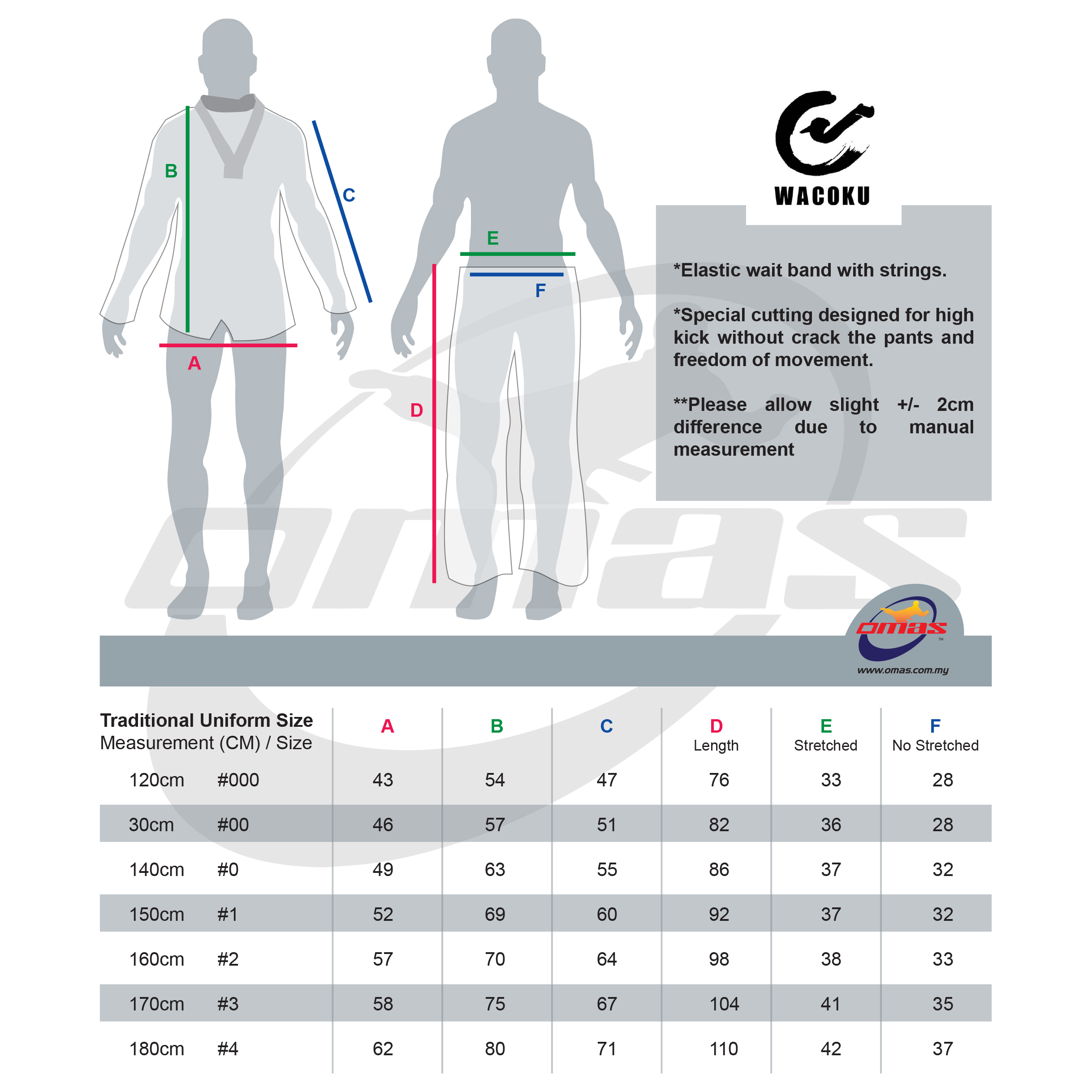 Dobok Taekwondo Wacoku ini ringan dan tahan lama. Seragam ini diperbuat daripada poli-kapas 90/10 dan mempunyai jalur elastik di pinggang untuk memastikan keselesaan dan mobiliti maksimum.
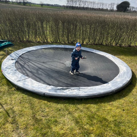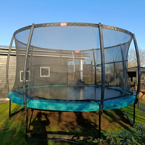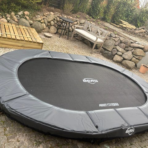 Berg trampolin Favorit 430 med spil på hoppedug købt i marts 2023 . Kvittering haves. Bolde/terninger til spil følge med. Der er sikkerhedsnet både for oven og for neden. Sikkerhedsnet for neden har praktiske lommer. Der er ingen stige. Krog til montering af fjedrer følger med. Polstring til stænger følger også med. Samleinstruks medfølger også.
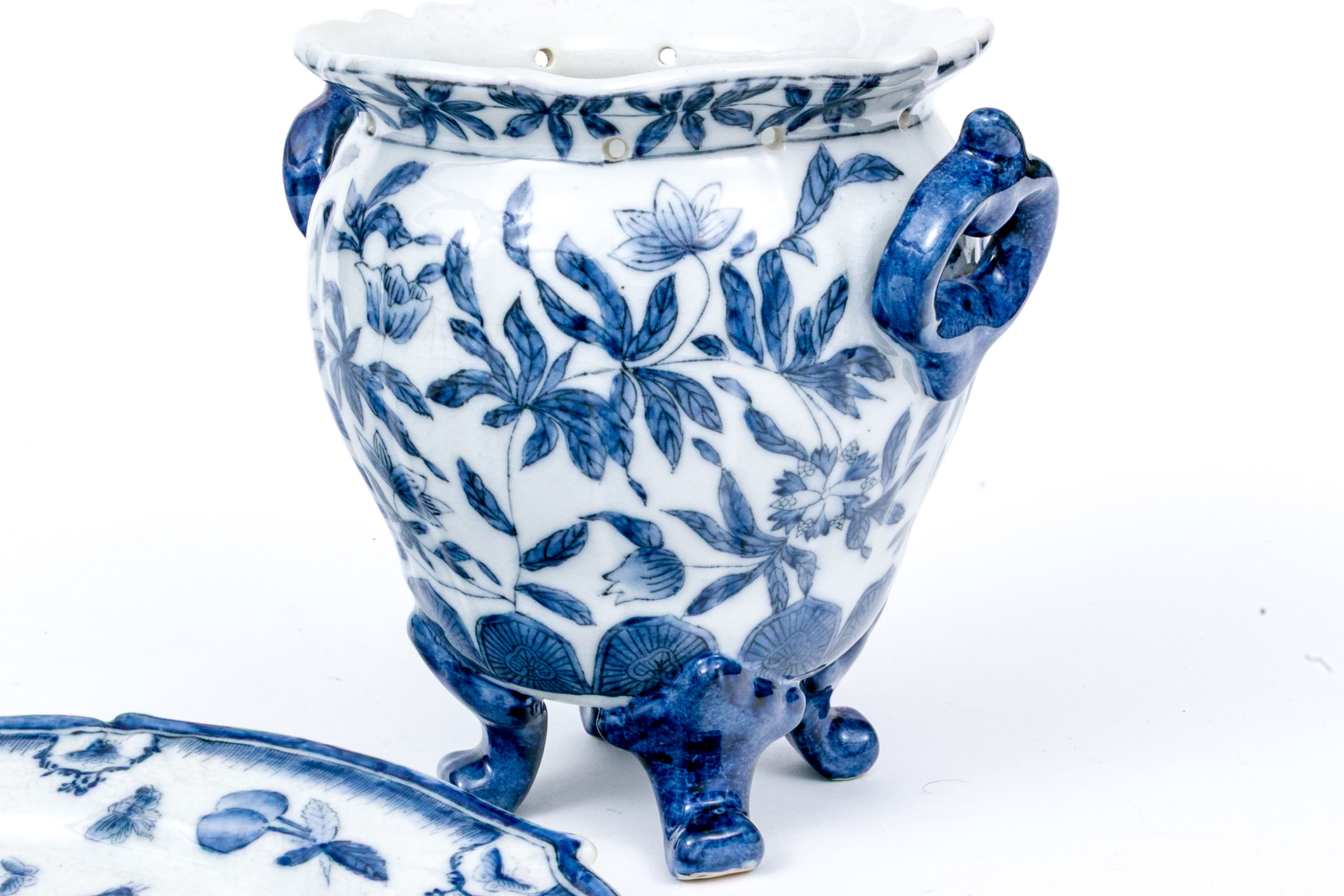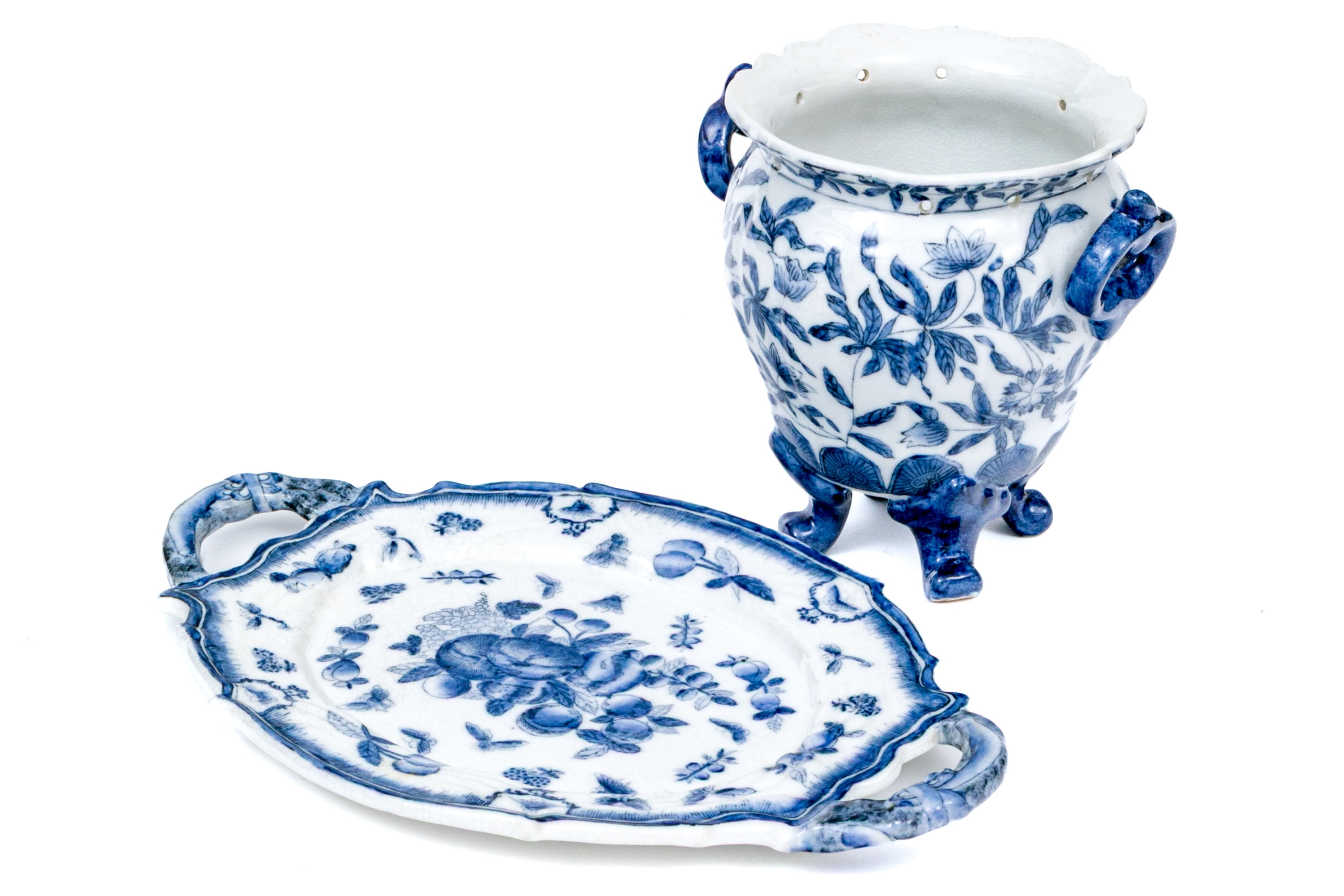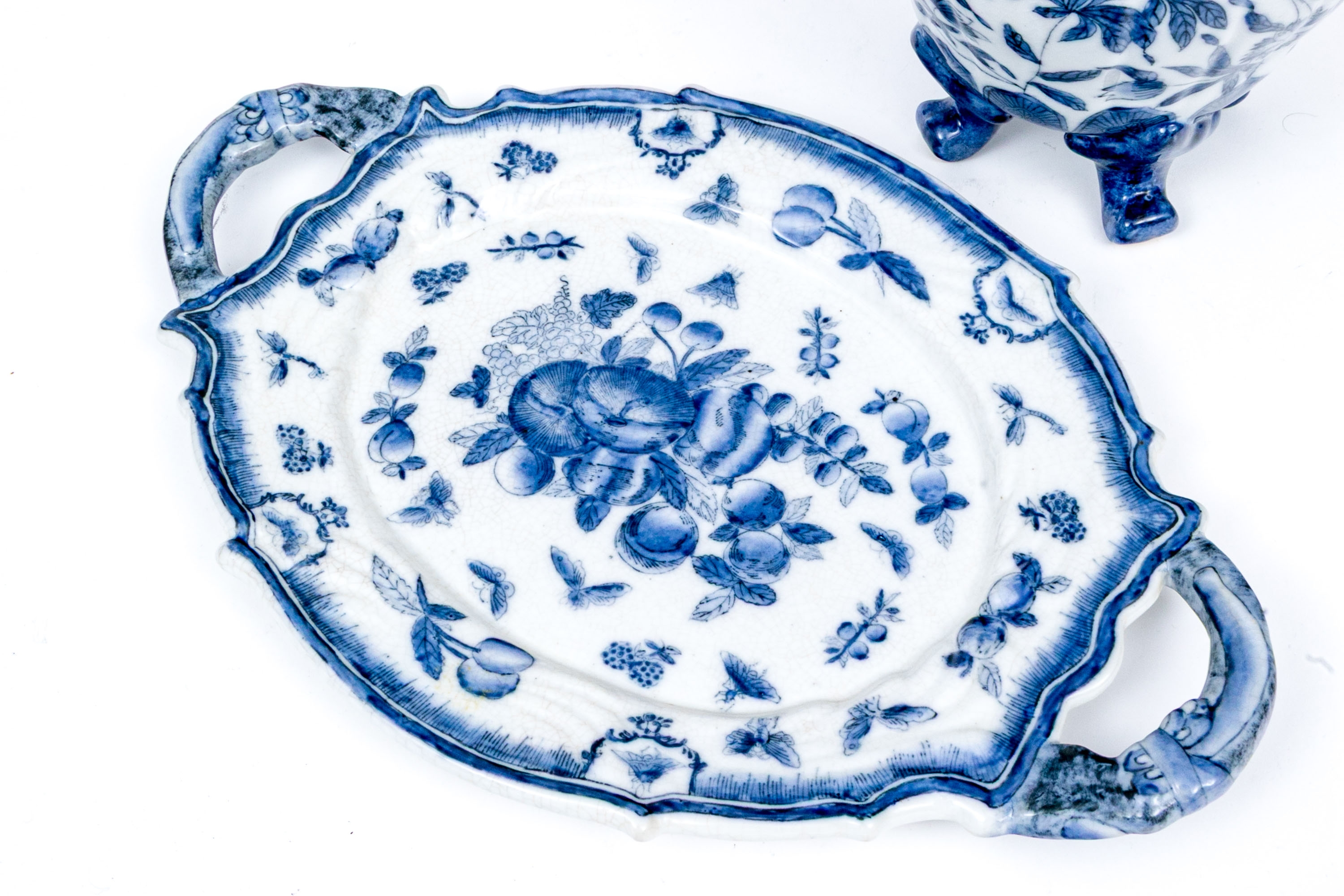 Comprised of a twin handled oval tray with peach, lotus and other floral motifs, together with a twin handled, footed blue and white porcelain vase form birdbath. The neck flares outward with stylized trim with ten pierced holes evenly spaced to the mouth rim for stringing and hanging.

============

### WHAT YOU HAVE TO DO
Skipping any pictures, transcribe the full listing exactly.

### ANSWER FOR THIS EXERCISE
 Dobok Taekwondo Wacoku ini ringan dan tahan lama. Seragam ini diperbuat daripada poli-kapas 90/10 dan mempunyai jalur elastik di pinggang untuk memastikan keselesaan dan mobiliti maksimum.
 Berg trampolin Favorit 430 med spil på hoppedug købt i marts 2023 . Kvittering haves. Bolde/terninger til spil følge med. Der er sikkerhedsnet både for oven og for neden. Sikkerhedsnet for neden har praktiske lommer. Der er ingen stige. Krog til montering af fjedrer følger med. Polstring til stænger følger også med. Samleinstruks medfølger også.
 Comprised of a twin handled oval tray with peach, lotus and other floral motifs, together with a twin handled, footed blue and white porcelain vase form birdbath. The neck flares outward with stylized trim with ten pierced holes evenly spaced to the mouth rim for stringing and hanging.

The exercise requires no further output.